Driving off the ferry was a snap, and my first destination dropped by pin into the Tom Tom app was The Needles:



The Needles are the most iconic point of the Isle of Wight on the extreme western edge. I took the photo above in a previous life when we owned a 34 foot sail boat and sailed the Solent and southern coast frequently. The boat was sold in order to buy a house, which in general is a better investment.

I'd like to claim that I rode out the Needles themselves and parked on the helo pad on top of the lighthouse, but instead I visited the park near the ridge above the Needles, where there's an interesting installation that is the long-forgotten foray of the UK into rocketry.



Very cool.

15 minutes later I was stopping again-- this time at Freshwater Bay. An Italian rider with pillion was already there, on a well-travelled Yamaha Tenere. They were doing a better job of zoning out of the view than I, so I didn't bother them.







Next stop-- the southern most part of the island. I dropped a pin at Niton and rode the A3055 Military Road for 13 miles down to the bottom of the island. Joking aside, I've rode and drove a lot of coast roads (on the Pacific Coast, the East Coast, and even the Caribbean). The old, empty A3005 on a sunny day with a good motorbike was maybe the finest I've ever experienced:



I'm not easily taken aback, but this road did it. First, I wanted to burn with speed because the road with smooth and fully empty, but then I slowed because the view and overall experience was so f amazing. That 13 mile road made the entire trip. (I'll do this entire trip again just for that road.)
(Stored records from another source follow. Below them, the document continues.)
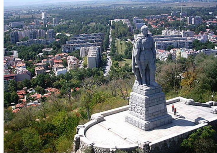
Памятник советскому воину- освободителю «Алеша» (г. Пловдив, Болгария)
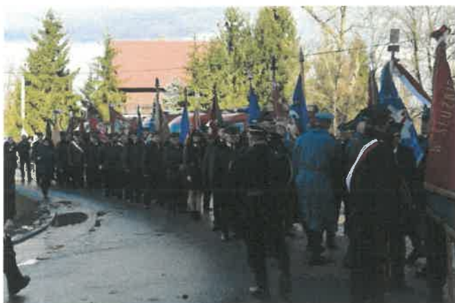
Dzień Pielgrzyma - Pielgrzymka Strażacka - Druhny i Druhowie przed wejściem do Sanktuarium Matki Boskiej Hebdowskiej
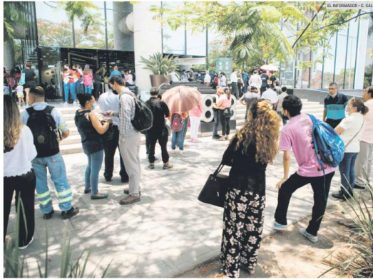
CIDADANOS ESPERAN. Las oficinas del Servicio de Administración Tributaria (SAT) ubicadas en la Zona Metropolitana de Guadalajara (ZMG) tuvieron ayer, desde temprano, largas filas de contribuyentes que esperaron para hacer sus trámites.

El sector empresarial agradece al Servicio de Administración Tributaria por aplazar la nueva versión, ante la saturación de oficinas públicas
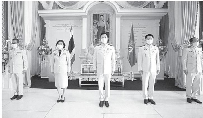
อธิธิพล คุณปลื้ม รมว.วัฒนธรรม พร้อมด้วยผู้บริหาร วธ. ร่วมพิธี ลงนามถวายพระพรชัยมงคลสมเด็จพระนางเจ้าสิริกิติ์ พระบรมราชินีนาถ พระบรม ราชชนนี พันปีหลวง เนื่องในโอกาสวันเฉลิมพระชนมพรรษา 12 สิงหาคม 2564 ที่อาคารวัฒนธรรมวิศิษฐ์ วธ.
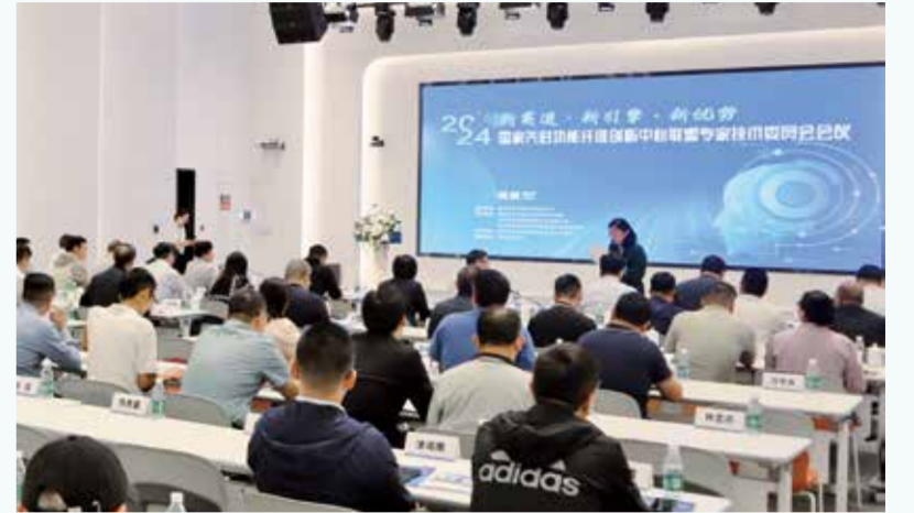
会议分享了产业链上下游领域科研成果、创新应用等最新信息。

作为一个跨行业、跨领域、打破技术局限性的创新型平台，旨在整合行业内的优质资源，实现全产业链的协同与高效运作。该平台以大连华纶无纺设备工程有限公司为坚实依托，提供共享试验平台、专
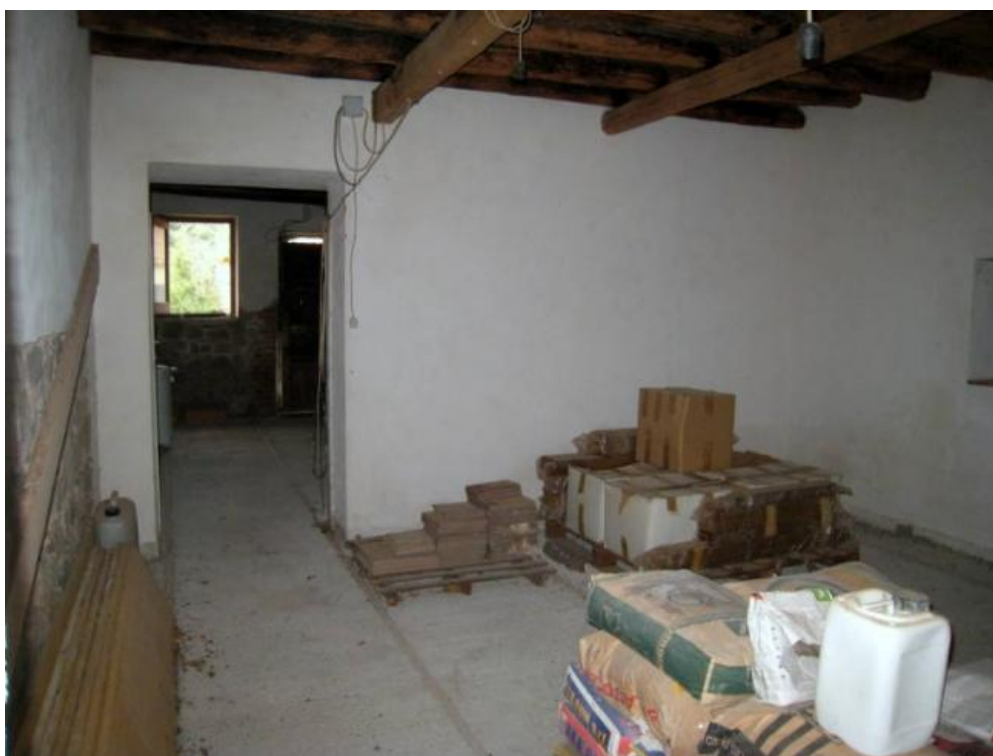
Foto n. 19. Locali al P.T. del corpo "B" in fase di ristrutturazione interna.
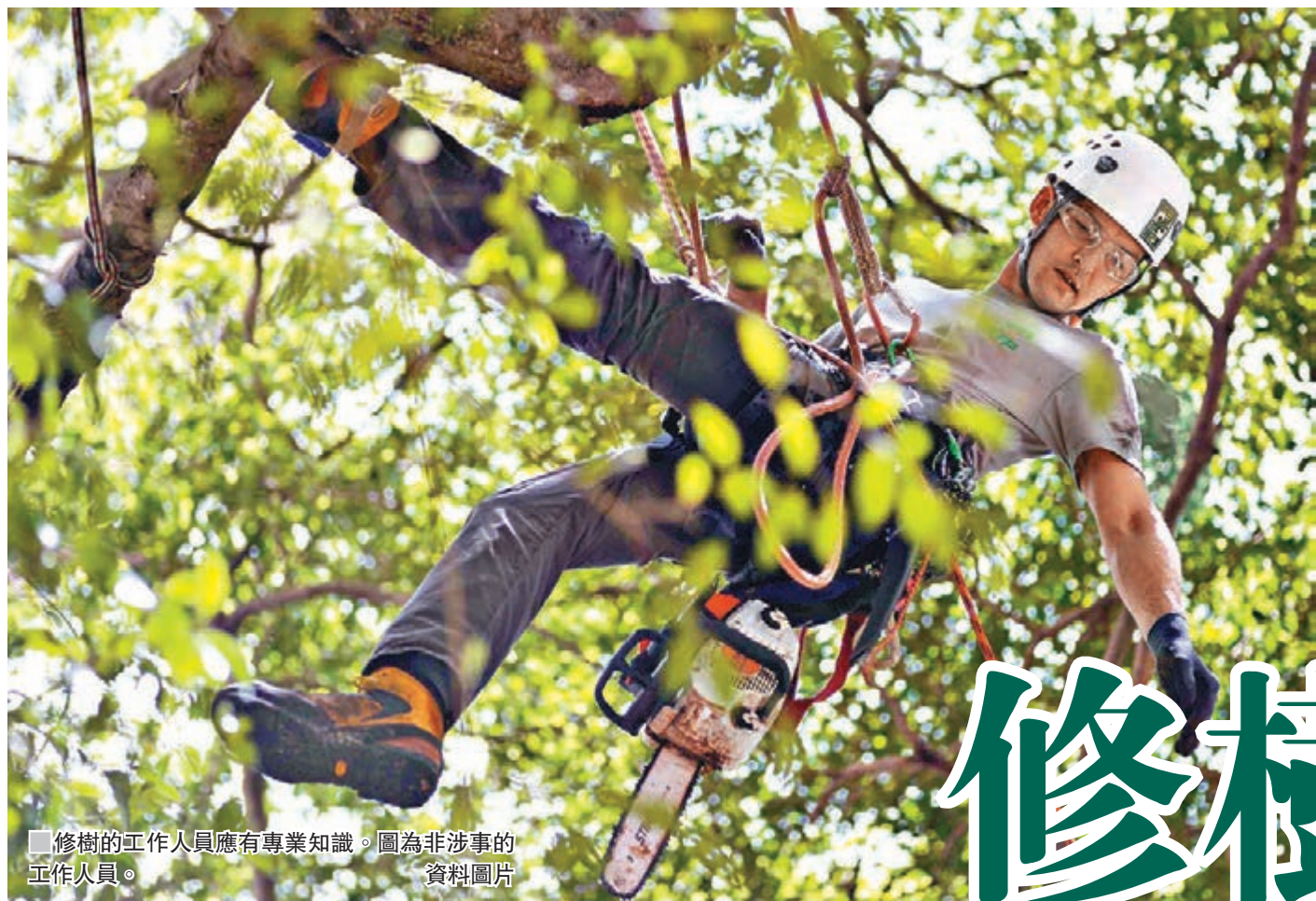
修樹的工作人員應有專業知識。圖為非涉事的工作人員。資料圖片

Part way down the A3005 I had to stop at a wayside:



Not bad that this road and place exists about 3 hours by motorcycle from my driveway:



To conclude this part, some points:
  • The Isle of Wight (like Cornwall) can crawl with traffic in season. In fact, it may be un-rideable at high season. There's a reason I targeted this in February!
  • I wouldn't have done this trip in my car. The bike makes the journey experience completely different and worthwhile. I am not a fan of endless narrow roads in a car. On a bike, however...
  • The crew on the ferry were excellent. They were very caring about the bike, and all but said I had the perfect vehicle to enjoy the island.

Part III will cover the rest of the island and the late ride home.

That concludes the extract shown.